Долго мне пришлось убеждать мать, пока она наконец согласилась.

По договоренности с Юлькой и Спиркой, я должен был вернуться тем же путем. Получить от наших задание и вернуться. Но я уже не стал говорить матери об этом. Это бы еще больше ее разволновало. Я убеждал ее: всего один раз пройду — и все.

Для Юльки и Спирки, если я не вернусь, значило другое: я не прошел.

* * *

К тете Дуне мать в тот вечер пошла со мной вместе. Мы поужинали. Говорить перед расставанием не хотелось. Когда уже что-то надумал, решился, ждешь только одного: скорее бы. Время тянулось медленно. С матерью мы договорились: если кто будет спрашивать меня из ребят, она скажет, что я пошел на менку в деревню.

Мать вышла на улицу посмотреть, темно ли?

— Ну что? Темно? — Я бодрился.

Не могу сказать, что мной овладел страх. Но было не по себе. Не прогулка предстояла! Может, в последний раз вижу мать, тетю Дуню… Но я знал, что все равно пойду, что уже не могу не пойти. Скорее бы только.

Мать, тетя Дуня и я дошли до берега. Обнялись. У матери лицо от слез было мокрым. Она перекрестила меня. Я всегда считал, что она неверующая. А тут — перекрестила.

Они остались у камышей, а я пошел дальше. Старался шагать осторожно, тихо. На мне были валенки с галошами. Под ногами тихо похрустывало. Но мне казалось, что этот хруст разносился по всей округе. Особенно трудными, напряженными были первые сотни шагов. Ночь же казалась уже не такой темной. Хоть и слаб свет каганца, но все же это свет, а со свету на улице сначала всегда кажется темнее. Потом глаза привыкают. Темнота как бы редеет.

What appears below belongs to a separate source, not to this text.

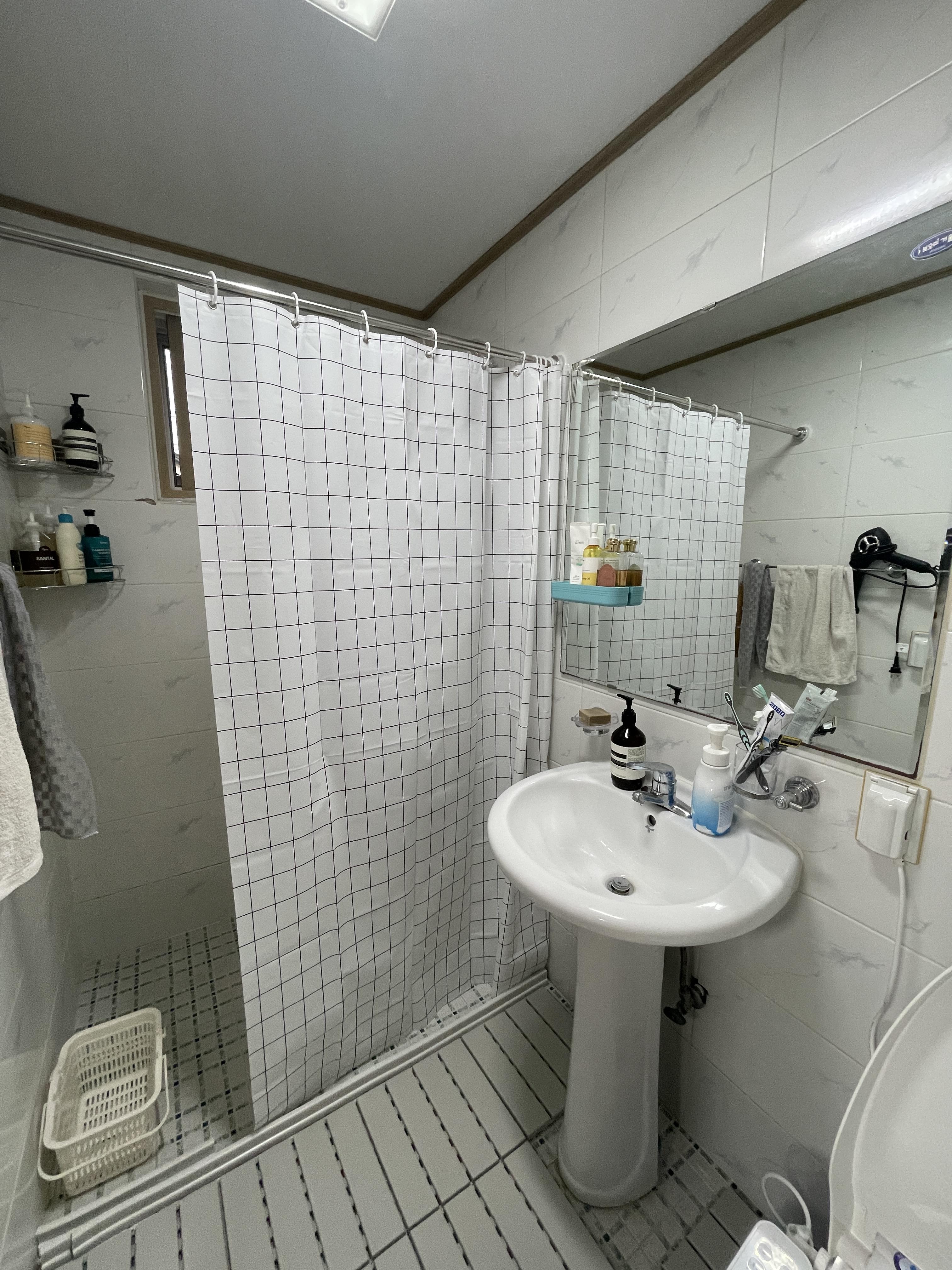 화장실 건식으로 사용하려고 바닥 데코타일이랑 커튼 만들었다! 뿌듯〰️

Тихий, настороженный берег постепенно удалялся за спиной. Справа смутно угадывались его очертания возле бухты. Время от времени я поглядывал в ту сторону: там стоял прожектор. У меня не было часов. Сначала я пытался считать шаги. Шаг — примерно восемьдесят сантиметров, а метр — одна секунда. Когда-то, еще до войны мы устраивали такую проверку. «Так можно определить время и расстояние, которое буду проходить», — решил я. Но скоро я сбился. Мои мысли были заняты другим — берегом. Видят ли немцы меня оттуда? Смогут ли они меня обнаружить? И если обнаружат, что будут делать: только стрелять или пошлют кого-нибудь вдогонку? Я перестал считать. Счет мешал следить за берегом. «Мне бы только выйти в море… Только бы в море подальше. Там они меня не увидят!» Потом я поверну на девяносто градусов и буду все время видеть берег боковым зрением. Сейчас же он был у меня за спиной, и я не мог все время оборачиваться. Справа по-прежнему высился полузасыпанный снегом берег у бухты. Порт находился еще правее. Но его не было видно — белесая мгла скрывала портовые краны.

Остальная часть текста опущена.